Bulldog Bites

News and Views from the University of Redlands

In pursuit of community and individuality: Johnston at 55

In December 1976, Linda Braun ’79 fell in love on the University of Redlands Quad. 

She was walking one way, and her future husband was walking the other. “I just felt my heart just like, expand,” Braun said of the encounter. As it turns out, her heart was right.

Now married 43 years, Linda and her husband Steve ’79 returned to that same Quad to celebrate the Johnston Renewal, a homecoming of sorts held every five years for students of the Johnston Center for Integrative Studies. The Brauns were joined by alumni from every decade of the Johnston program since its inception in 1969.

“This is actually the first time that my husband and I made it back to one of these,” Braun said. “We’ve stayed in touch with a few of our close friends here. It’s been a joy to see people.”

Fellow Johnstonians used the homecoming event to recant tales of the program’s first years when it was known as the Johnston College and reflected upon the meaning of Johnston and finding community on campus.

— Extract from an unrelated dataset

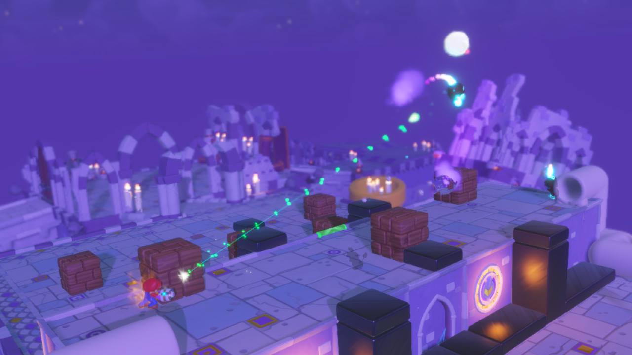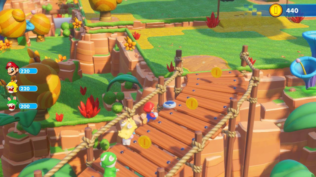 Visuellement, Mario + The Lapins Crétins : Kingdom Battle est sans faille. Les Lapins ont envahi le royaume et on les aperçoit partout où l’on regarde en train de s’amuser… ou installés dans une situation un peu fâcheuse. Seulement en combat, j’aurais aimé pouvoir mieux contrôler ma caméra. Alors que je tente de placer mes personnages à l’endroit idéal pour frapper, j’avais parfois de la difficulté à voir si j’étais bien positionnée pour l’ennemi que je souhaite viser. Au niveau sonore, c’est dynamique. Chaque monde a son thème et la multitude de sons entendue prouve que le royaume est vivant.

“When you have been through the experience that it offers, there’s a bonding that takes place,” Deb Howard ’75 said. “You’re opened up more. You’re more vulnerable. Anytime we create more vulnerability between us, it creates a bond.”

Bonding is one of the many benefits of being part of the Johnston community, evidenced in the Kathryn Green Plenary, “Johnston & the One Wild and Precious Life” delivered by Kathy Ogren, former Johnston director and former university provost. This live version of Ogren’s current seminar explored the educational and personal impact of Johnston’s past, present, and future.

“Tonight, you are all invited into our class,” Ogren said. “We believe this is the first student-facilitated Renewal plenary in Johnston’s history. We are really delighted to invite you into our class and have you experience it with us.”

Since its founding, Johnston has often been referred to as an experiment. However perceived, alumni say the unique experience that is Johnston has woven itself into the fabric that composes the University of Redlands. It has become a home for leaders, rebels, and those who relentlessly celebrate the spirit of individuality.

“Because the community aspect and being able to share a culture across different generations or classes of students, is like a fundamental part of my education that I do not think I would have experienced in another place,” Anathea Woirhaye ’24 said. “I think I would have transferred and left if I was not a Johnston student.”

Looking to the future, current Johnston director Tim Seiber sees what he calls “fire and fabric.” At the director’s brunch, the culminating event of Renewal 55, Seiber expressed his hope for the next generation of Johnstonians.

“Whatever it is that sparked you to be here now, your story won’t be the same as mine but nonetheless, whatever that flame is, however many lumens it’s producing in you right now, I hope that collectively, we can share that with future generations and with each other.”

The three-day Renewal included social events, current Johnston student-led mini-lectures, and a memorial service for Johnstonians who have passed away.